## SOURCE MATERIAL
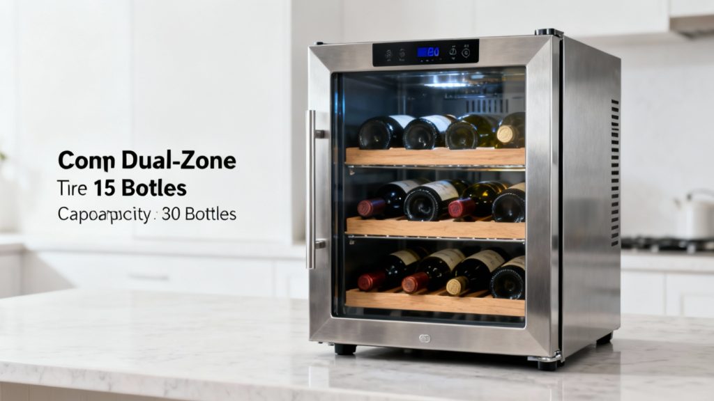 Accommodating 30 bottles in a unit under 15 inches wide is an engineering feat. It requires intelligent layout and component selection. The use of removable solid beechwood shelves is key; beech is a hard, stable wood resistant to warping and moisture, ensuring it can bear weight without affecting air circulation. This compact design is paired with a quiet compressor (rated at 38dB) and an R600a refrigerant, a more environmentally friendly option. The double-paned tempered glass door provides crucial insulation against external temperature fluctuations and blocks UV light, which can cause wine to become “light-struck” and develop off-flavors, a phenomenon documented in enology resources.
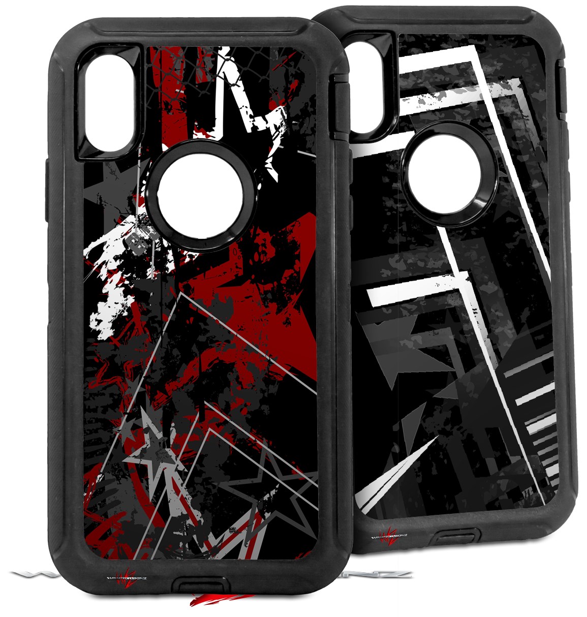 2x Decal style Skin Wrap Set compatible with Otterbox Defender iPhone X and Xs Case - Baja 0003 Red Dark (CASE NOT INCLUDED)
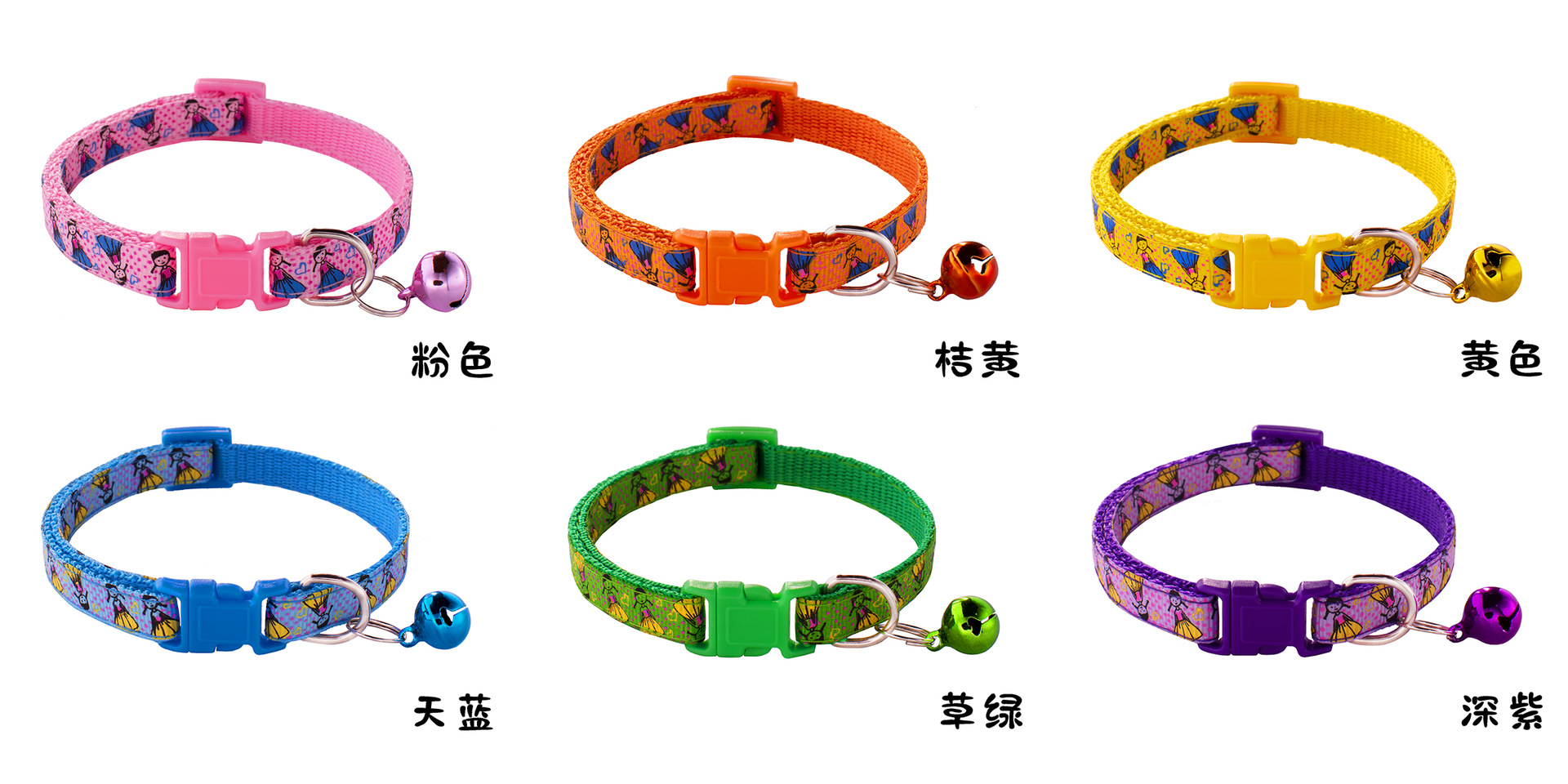 Pretty Little Girl Adjustable Kitten Cat Collar With Bell And Snap Buckle

## EXERCISE BRIEF
Please reproduce each line of the listing above exactly, skipping pictures.

## THE ANSWER
 Accommodating 30 bottles in a unit under 15 inches wide is an engineering feat. It requires intelligent layout and component selection. The use of removable solid beechwood shelves is key; beech is a hard, stable wood resistant to warping and moisture, ensuring it can bear weight without affecting air circulation. This compact design is paired with a quiet compressor (rated at 38dB) and an R600a refrigerant, a more environmentally friendly option. The double-paned tempered glass door provides crucial insulation against external temperature fluctuations and blocks UV light, which can cause wine to become “light-struck” and develop off-flavors, a phenomenon documented in enology resources.
 2x Decal style Skin Wrap Set compatible with Otterbox Defender iPhone X and Xs Case - Baja 0003 Red Dark (CASE NOT INCLUDED)
 Pretty Little Girl Adjustable Kitten Cat Collar With Bell And Snap Buckle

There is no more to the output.